▸ **RECORD EXCERPTS**
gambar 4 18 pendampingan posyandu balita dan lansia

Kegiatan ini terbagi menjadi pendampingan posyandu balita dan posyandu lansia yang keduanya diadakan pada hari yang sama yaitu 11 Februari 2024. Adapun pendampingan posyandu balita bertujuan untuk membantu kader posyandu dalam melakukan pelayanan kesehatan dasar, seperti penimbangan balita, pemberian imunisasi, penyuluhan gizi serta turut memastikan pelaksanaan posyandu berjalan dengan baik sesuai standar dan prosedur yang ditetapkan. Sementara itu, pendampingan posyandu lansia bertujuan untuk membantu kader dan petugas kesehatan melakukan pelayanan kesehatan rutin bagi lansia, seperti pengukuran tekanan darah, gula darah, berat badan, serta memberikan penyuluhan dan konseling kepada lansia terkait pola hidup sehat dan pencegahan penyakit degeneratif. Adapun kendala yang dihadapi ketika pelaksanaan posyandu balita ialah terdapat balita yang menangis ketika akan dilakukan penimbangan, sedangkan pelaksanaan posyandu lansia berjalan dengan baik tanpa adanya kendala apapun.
* * *
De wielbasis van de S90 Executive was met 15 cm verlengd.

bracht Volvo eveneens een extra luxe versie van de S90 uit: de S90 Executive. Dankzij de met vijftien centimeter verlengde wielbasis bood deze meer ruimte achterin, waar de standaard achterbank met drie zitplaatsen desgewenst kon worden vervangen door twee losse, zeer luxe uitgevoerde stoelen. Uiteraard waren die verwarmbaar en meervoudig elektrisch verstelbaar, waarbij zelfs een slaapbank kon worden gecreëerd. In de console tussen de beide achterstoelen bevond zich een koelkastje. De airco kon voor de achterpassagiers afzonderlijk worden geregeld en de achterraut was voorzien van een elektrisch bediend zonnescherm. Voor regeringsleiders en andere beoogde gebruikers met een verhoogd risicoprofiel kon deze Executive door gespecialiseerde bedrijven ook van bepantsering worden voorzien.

▸ **YOUR TASK**
Copy out all lines from the material above that contain the string "pendampingan".

▸ **EXERCISE SOLUTION**
gambar 4 18 pendampingan posyandu balita dan lansia
Kegiatan ini terbagi menjadi pendampingan posyandu balita dan posyandu lansia yang keduanya diadakan pada hari yang sama yaitu 11 Februari 2024. Adapun pendampingan posyandu balita bertujuan untuk membantu kader posyandu dalam melakukan pelayanan kesehatan dasar, seperti penimbangan balita, pemberian imunisasi, penyuluhan gizi serta turut memastikan pelaksanaan posyandu berjalan dengan baik sesuai standar dan prosedur yang ditetapkan. Sementara itu, pendampingan posyandu lansia bertujuan untuk membantu kader dan petugas kesehatan melakukan pelayanan kesehatan rutin bagi lansia, seperti pengukuran tekanan darah, gula darah, berat badan, serta memberikan penyuluhan dan konseling kepada lansia terkait pola hidup sehat dan pencegahan penyakit degeneratif. Adapun kendala yang dihadapi ketika pelaksanaan posyandu balita ialah terdapat balita yang menangis ketika akan dilakukan penimbangan, sedangkan pelaksanaan posyandu lansia berjalan dengan baik tanpa adanya kendala apapun.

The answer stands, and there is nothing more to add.